For each scenario, output the minimum number of antennas necessary to cover all '*'-entries in the scenario's matrix, on a row of its own.

Sample Input

2
7 9
ooo**oooo
**oo*ooo*
o*oo**o**
ooooooooo
*******oo
o*o*oo*oo
*******oo
10 1
*
*
*
o
*
*
*
*
*
*

Sample Output

17   
5

最小路径覆盖:

最小路径覆盖(path covering):是“路径” 覆盖“点”,即用尽量少的不相交简单路径覆盖有向无环图G的所有顶点,即每个顶点严格属于一条路径。路径的长度可能为0(单个点)!

最小路径覆盖数=G的点数-最小路径覆盖中的边数:(因为这是建的无向图~~所以结果是实际匹配的两倍,应该除2)

         应该使得最小路径覆盖中的边数尽量多,但是又不能让两条边在同一个顶点相交。拆点:将每一个顶点i拆成两个顶点Xi和Yi。然后根据原图中边的信息,从X部往Y部引边。所有边的方向都是由X部到Y部。因此,所转化出的二分图的最大匹配数则是原图G中最小路径覆盖上的边数。

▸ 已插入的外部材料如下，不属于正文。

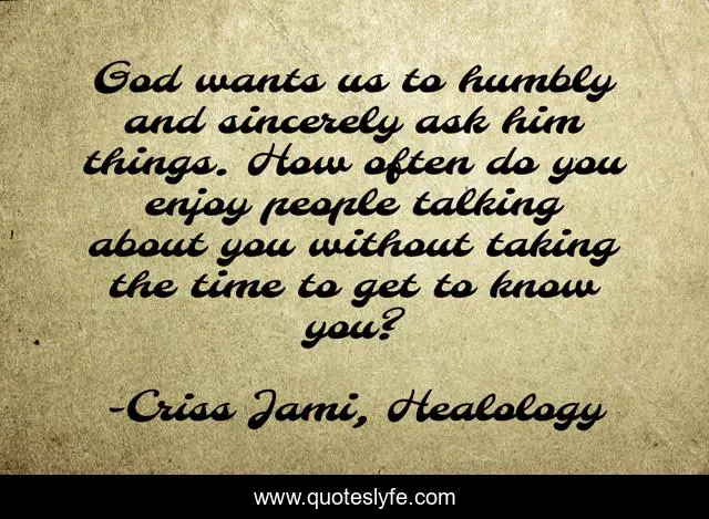 "Criss Jami, Healology Quotes." Quoteslyfe.com, 2025. Sun. 07 Dec. 2025. <https://www.quoteslyfe.com/quote/God-wants-us-to-humbly-and-sincerely-115068>.
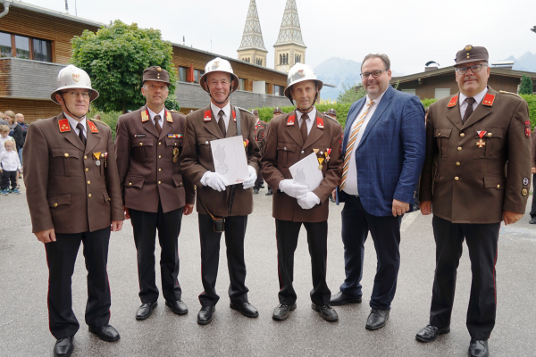 Nach der Heiligen Messe fanden die Beförderungen und Ehrungen verdienter Mitglieder sowie die Angelobung der Jungfeuerwehrmänner statt. Eine besondere Auszeichnung erhielten die Cousins Franz und Johann Schiffmann. Ihnen wurde das Verdienstzeichen des Bezirksfeuerwehrverbandes Schwaz in Bronze überreicht. Die Feuerwehr Weerberg hat im Jahr 1980 eine Feuerwehrfahne bekommen. Seit damals sind die beiden als Fähnrich bzw. Fahnenbegleiter für die Feuerwehr Weerberg tätig. In seiner Ansprache bedankte sich Bezirks-Feuerwehrkommandant Stv. BR Hansjörg Eberharter bei Franz und Johann und betonte, dass es im Bezirk Schwaz einzigartig ist, dass die Funktion des Fähnrichs bzw. Fahnenbegleiters mehr als 40 Jahre ausgeübt wird. Die Feuerwehr Weerberg gratuliert allen beförderten und geehrten Kameraden.

因此由最小路径覆盖数=原图G的顶点数-二分图的最大匹配数便可以得解。


                     


#include<cstdio>
#include<iostream>
#include<cstring>
using namespace std;
int map[100][100];
int ip;//城市标号(最终是城市数量)
int v1, v2;//二分图的两个顶点集
int mm;//最大二分匹配
bool city[500][500];//标记两个城市间能否联通
bool vis[500];
int link[500];
int fx[4][2] = { 1,0,0,1,-1,0,0,-1 };
bool find(int x)
{
	for (int s = 1; s <= v2; s++)
	{
		if (city[x][s] && !vis[s])
		{
			vis[s] = 1;
			if (link[s] == 0 || find(link[s]))
			{
				link[s] = x;
				return 1;
			}
		}
	}
	return 0;
}
int main()
{
	int te;
	scanf("%d", &te);
	while (te--)
	{
		memset(map, 0, sizeof(map));
		memset(link, 0, sizeof(link));
		memset(city, 0, sizeof(city));
		ip = 0;
		mm = 0;
		int m, n;
		cin >> m >> n;
		for (int s = 1; s <= m; s++)
		{
			for (int e = 1; e <= n; e++)
			{
				char te;
				cin >> te;
				if (te == '*')
				{
					map[s][e] = ++ip;
				}
			}
		}
		for (int s = 1; s <= m; s++)
		{
			for (int e = 1; e <= n; e++)
			{
				if (map[s][e])
				{
					for (int w = 0; w < 4; w++)
					{
						int x = s + fx[w][0];
						int y = e + fx[w][1];
						if (map[x][y])
						{
							city[map[s][e]][map[x][y]] = 1;
						}
					}
				}
			}
		}
		v1 = v2 = ip;
		for (int s = 1; s <= v1; s++)
		{
			memset(vis, 0, sizeof(vis));
			if (find(s))
			{
				mm++;
			}
		//	cout << mm << endl;
		}
		cout << ip - mm / 2 << endl;
	}
	return 0;
}